= Taxation in the Bahamas =

Taxation in the Bahamas is collected by the Government of the Bahamas. The Bahamas are considered a tax haven given the lack of income tax, capital gains tax, inheritance tax or company tax. Government tax revenue is instead derived from consumption, property and import taxes as well as licence fees.

The country's lack of income and corporate profit taxes has seen it become a popular drawcard for high net-worth individuals moving to the Bahamas and becoming residents for tax purposes to avoid high taxes in their home countries, including a number of high profile people such as Eugenie Bouchard and Sean Connery. Tax residency certificates are issued to individuals who spend at least 90 days in the Bahamas and under 184 days in any other single country and purchase a property worth in excess of $1.5 million.

Tax revenues made up 22.4% of gross domestic product (GDP) in the Bahamas in 2016. The Bahamas has not entered into any double tax agreements.

==Income and individual taxes==
The Bahamas does not impose income tax, inheritance tax or wealth tax. Social security tax is payable to the National Insurance Board at 3.9% by employees and 5.9% by employers, or 9.8% for self-employed individuals, up to maximum amounts.

==Property taxes==
Property tax is imposed on all properties, with the rate for residential properties dependent on whether the home was occupied by its owner for at least six months of the calendar year, under reforms introduced in 2019. If the residency requirement is met, the first $250,000 of property value is exempted, while the value up to $500,000 is taxed at a rate of 0.75% and at 1% on value in excess of $500,000. If the residency requirement is failed, a 1% tax is imposed for the value up to $500,000 of assessed value and 2% for the value in excess of $500,000. Prior to 2019, property taxes were capped annually at $500,000.

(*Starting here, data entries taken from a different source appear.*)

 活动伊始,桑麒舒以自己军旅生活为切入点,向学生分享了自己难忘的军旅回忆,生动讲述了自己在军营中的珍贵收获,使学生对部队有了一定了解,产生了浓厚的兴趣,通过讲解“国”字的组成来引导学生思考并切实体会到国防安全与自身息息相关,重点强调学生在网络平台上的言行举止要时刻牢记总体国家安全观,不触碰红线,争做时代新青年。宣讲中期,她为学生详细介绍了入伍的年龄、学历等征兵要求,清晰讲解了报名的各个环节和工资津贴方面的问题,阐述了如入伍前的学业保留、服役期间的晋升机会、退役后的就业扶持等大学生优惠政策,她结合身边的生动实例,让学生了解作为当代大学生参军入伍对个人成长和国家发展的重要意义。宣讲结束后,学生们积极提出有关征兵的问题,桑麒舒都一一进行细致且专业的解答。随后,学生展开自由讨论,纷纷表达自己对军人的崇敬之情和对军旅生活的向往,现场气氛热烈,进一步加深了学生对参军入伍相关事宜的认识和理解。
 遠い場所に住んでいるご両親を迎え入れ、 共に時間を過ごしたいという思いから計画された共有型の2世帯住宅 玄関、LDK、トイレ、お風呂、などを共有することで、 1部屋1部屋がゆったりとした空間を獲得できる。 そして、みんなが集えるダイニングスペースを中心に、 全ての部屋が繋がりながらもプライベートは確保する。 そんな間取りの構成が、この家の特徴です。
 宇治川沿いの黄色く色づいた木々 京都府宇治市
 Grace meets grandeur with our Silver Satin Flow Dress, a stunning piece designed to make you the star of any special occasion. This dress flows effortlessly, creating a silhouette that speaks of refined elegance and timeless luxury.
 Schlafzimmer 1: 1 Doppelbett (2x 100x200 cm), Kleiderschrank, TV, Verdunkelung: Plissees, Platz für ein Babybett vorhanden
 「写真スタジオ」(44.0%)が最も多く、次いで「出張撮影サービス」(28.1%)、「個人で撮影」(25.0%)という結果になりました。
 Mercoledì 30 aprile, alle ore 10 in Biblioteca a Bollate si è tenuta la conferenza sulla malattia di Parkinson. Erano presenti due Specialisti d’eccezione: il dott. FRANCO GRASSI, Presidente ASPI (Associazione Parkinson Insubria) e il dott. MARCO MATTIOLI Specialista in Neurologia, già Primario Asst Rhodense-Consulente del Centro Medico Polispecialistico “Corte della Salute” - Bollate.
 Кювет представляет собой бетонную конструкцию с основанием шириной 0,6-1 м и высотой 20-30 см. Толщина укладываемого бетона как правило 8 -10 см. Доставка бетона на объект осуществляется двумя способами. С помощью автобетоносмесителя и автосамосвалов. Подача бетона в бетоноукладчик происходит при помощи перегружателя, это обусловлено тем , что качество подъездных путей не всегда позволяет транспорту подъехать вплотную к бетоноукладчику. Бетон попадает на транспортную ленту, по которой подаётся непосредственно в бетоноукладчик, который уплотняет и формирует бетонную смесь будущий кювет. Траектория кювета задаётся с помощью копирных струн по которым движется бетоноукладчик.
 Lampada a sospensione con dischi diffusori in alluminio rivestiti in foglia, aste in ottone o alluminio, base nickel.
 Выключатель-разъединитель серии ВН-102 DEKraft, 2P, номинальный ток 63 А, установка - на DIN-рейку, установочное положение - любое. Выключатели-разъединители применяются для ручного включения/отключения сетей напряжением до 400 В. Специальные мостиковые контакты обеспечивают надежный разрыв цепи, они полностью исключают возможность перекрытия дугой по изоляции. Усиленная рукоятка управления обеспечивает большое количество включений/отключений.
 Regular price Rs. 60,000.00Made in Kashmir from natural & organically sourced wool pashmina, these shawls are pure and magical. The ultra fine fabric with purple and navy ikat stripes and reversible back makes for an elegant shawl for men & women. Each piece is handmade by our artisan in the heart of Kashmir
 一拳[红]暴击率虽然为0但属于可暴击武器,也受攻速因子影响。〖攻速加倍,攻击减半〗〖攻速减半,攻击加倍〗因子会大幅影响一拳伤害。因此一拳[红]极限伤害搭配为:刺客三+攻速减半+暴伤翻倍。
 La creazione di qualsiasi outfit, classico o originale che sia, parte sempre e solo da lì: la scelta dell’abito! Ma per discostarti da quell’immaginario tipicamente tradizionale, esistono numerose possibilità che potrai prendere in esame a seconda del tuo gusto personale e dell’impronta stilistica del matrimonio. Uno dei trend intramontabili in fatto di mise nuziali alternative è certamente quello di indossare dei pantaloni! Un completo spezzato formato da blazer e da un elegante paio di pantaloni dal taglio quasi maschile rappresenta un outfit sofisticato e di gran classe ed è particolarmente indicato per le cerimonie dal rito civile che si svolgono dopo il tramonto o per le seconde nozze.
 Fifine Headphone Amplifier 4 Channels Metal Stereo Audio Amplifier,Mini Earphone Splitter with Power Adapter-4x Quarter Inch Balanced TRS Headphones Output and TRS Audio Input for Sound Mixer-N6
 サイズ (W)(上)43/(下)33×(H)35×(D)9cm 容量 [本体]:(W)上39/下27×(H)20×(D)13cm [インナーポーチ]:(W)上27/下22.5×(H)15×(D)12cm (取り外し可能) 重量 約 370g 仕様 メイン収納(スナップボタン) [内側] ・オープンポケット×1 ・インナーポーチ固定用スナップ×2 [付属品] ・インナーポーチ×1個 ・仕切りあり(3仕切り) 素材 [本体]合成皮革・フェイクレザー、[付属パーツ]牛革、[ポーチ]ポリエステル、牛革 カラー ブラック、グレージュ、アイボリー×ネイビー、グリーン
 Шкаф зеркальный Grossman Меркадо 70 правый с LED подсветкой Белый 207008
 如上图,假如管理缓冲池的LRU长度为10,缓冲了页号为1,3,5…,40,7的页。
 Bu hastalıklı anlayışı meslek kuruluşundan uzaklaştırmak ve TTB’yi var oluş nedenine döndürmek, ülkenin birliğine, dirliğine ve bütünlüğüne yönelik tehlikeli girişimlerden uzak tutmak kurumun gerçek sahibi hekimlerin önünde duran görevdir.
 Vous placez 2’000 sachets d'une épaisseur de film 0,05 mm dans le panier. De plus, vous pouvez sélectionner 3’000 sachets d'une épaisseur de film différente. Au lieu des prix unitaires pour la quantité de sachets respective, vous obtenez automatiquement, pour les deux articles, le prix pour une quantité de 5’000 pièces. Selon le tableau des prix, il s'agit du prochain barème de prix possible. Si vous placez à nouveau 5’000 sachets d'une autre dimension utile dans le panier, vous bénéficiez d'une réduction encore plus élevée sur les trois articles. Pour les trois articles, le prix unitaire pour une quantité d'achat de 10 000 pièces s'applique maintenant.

Furthermore, stamp duty is payable on the transfer of realty and marina slips, at 2.5% for valuations under $100,000 and 10% over $100,000.

==Corporate taxes==
There is no corporate tax, withholding tax, payroll tax or transfer tax levied on businesses in the Bahamas. However, businesses require a licence to operate, which is charged at either a flat-rate of $100 or at up to 3% of turnover depending on the amount of revenue generated.

==Value added tax (VAT)==
A value added tax applies to a majority of transactions at a rate of 10%. The VAT was increased from 7.5% in 2018. The VAT was introduced in 2015, replacing a 10% tax on hotel lodgings. A number of essential items, such as grocery staples, medicines and property insurance, are exempt from VAT.

==Import duties==
Import duties are applied to a wide variety of goods being brought into the Bahamas. The Ministry of Finance maintains a list of commonly imported items, each with its own import duty payable before release to the owner, which can range from zero to 75% of the item's value. VAT, stamp duties and fixed-price environmental levies are also applicable to some imported goods applied at various rates.